After the drugs were found, the officers informed McCaster that he was under arrest and asked him to cooperate. After giving a Miranda warning, the officers questioned McCaster. He waived his Miranda rights and gave a statement that was recorded on audiotape. McCaster admitted that the crack cocaine, including that found in the closet, belonged to him. He further admitted that, although the crack cocaine found in the ceramic statue was for his personal consumption, he intended to sell the crack cocaine found in the closet. After the recorded interview, McCaster agreed to cooperate regarding his supplier. Based on that representation, McCaster was not taken into custody but was allowed to attend his son's out-of-town football game that weekend. When it later became clear that he would not cooperate with the police, he was arrested.
Before trial, McCaster moved to suppress the crack cocaine seized from the closet and to suppress his statement. He contended that the search of the closet was not authorized by the search warrant and that his statement was the result of improper police coercion and was thus involuntary. After a hearing on the motions to suppress, the magistrate judge recommended that they be denied. The magistrate judge found that the search warrant authorized search of the closet as "curtilage." He further found that, even if the search warrant did not adequately describe the area, the evidence was nonetheless admissible since the officers' reliance on the warrant was objectively reasonable. The magistrate judge also found no evidence of improper coercion by the officers, and thus found McCaster's statement admissible. Over McCaster's objection, the district court adopted the report and recommendation of the magistrate judge.
McCaster was tried by a jury and convicted of one count of possession with intent to distribute crack cocaine. The district court sentenced him to 120 months' incarceration, finding the government had shown that he possessed over six grams of crack cocaine. On appeal, McCaster challenges the admission of the crack cocaine seized from the closet and the admission of his statement. He contends the district court erred in finding that the search warrant authorized search of the closet and in finding that his statement was voluntary.

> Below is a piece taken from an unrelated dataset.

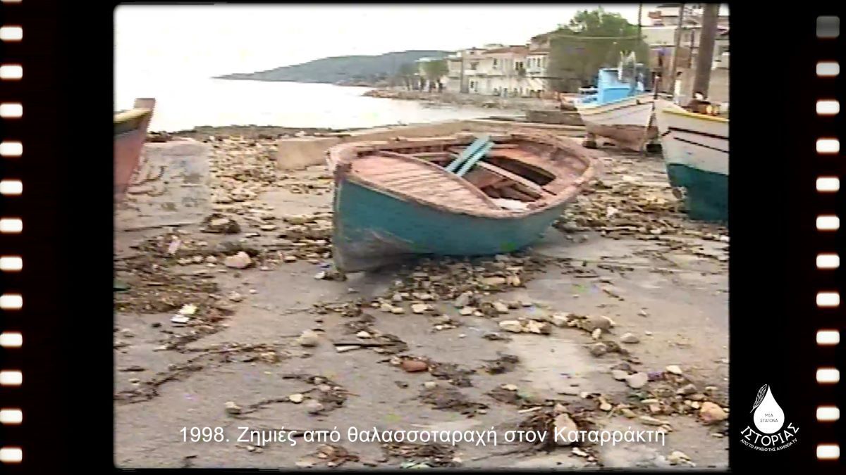 Στην ίδια εκπομπή πάμε πίσω μερικά χρόνια, στο 1998, όταν μια άγρια Νοτιά βγάζει έξω τη θάλασσα στον Καταρράκτη. Οι ζημιές είναι μεγάλες. Ψαράδες και κάτοικοι μιλούν στην Ειρήνη Αναγνώστου ενώ στην κάμερα αλλά και τις… ερωτήσεις είναι ο Ευθύμης Κλήμης.

McCaster argues that the closet does not fall within the definition of "curtilage," authorized to be searched in the warrant. He contends that historical definitions of curtilage are not applicable in the context of urban, apartment-style living. We need not decide whether common areas of a multi-unit dwelling are always included in the term "curtilage," for we find that whatever the modern-day urban equivalent of curtilage, the evidence found in the hall closet was properly admitted in this case. If the closet is within the apartment's curtilage, the warrant specifically authorizes the search. If the closet is not part of the apartment's curtilage, McCaster has shown no expectation of privacy to give him standing to challenge the search and the admission of the evidence found therein.

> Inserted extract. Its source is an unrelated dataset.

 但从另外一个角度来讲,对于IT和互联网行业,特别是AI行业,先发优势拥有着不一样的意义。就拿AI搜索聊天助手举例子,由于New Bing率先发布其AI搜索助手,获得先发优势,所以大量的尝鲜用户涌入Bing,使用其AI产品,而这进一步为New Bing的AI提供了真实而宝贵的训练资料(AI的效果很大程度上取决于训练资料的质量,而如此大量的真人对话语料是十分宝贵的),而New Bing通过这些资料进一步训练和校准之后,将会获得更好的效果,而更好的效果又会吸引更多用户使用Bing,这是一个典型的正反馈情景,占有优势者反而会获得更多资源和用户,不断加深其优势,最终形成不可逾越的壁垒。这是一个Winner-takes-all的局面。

We may affirm the judgment on any grounds supported by the record, even if not relied on by the district court. See Monterey Dev. v. Lawyer's Title Ins. Co., 4 F.3d 605, 608 (8th Cir. 1993). Assuming for the sake of argument that the area is not curtilage, and thus not covered by the warrant, to challenge the constitutionality of the search, McCaster must demonstrate that he possessed a legitimate expectation of privacy in the particular area searched. See United States v. Nabors, 761 F.2d 465, 468 (8th Cir. 1985). Fourth Amendment rights may not be vicariously asserted. See id. In order to show a legitimate expectation of privacy in the searched premises, the person challenging the search has the burden of showing both a subjective expectation of privacy and that the expectation is objectively reasonable; that is, one that society is willing to accept. See Minnesota v. Olson, 495 U.S. 91, 96-97 (1990) (recognizing that an overnight guest has a reasonable expectation of privacy); Rakas v. Illinois, 439 U.S. 128, 130 n.1 (1978). Several factors are relevant to this showing: whether the party has a possessory interest in the things seized or the place searched; whether the party can exclude others from that place; whether the party took precautions to maintain the privacy; and whether the party had a key to the premises. See, e.g., Rawlings v. Kentucky, 448 U.S. 98, 105 (1980); Nabors, 761 F.3d at 469. We have rejected the notion of a generalized expectation of privacy in the common areas of an apartment building. See United States v. McGrane, 746 F.2d 632, 634 (8th Cir. 1984).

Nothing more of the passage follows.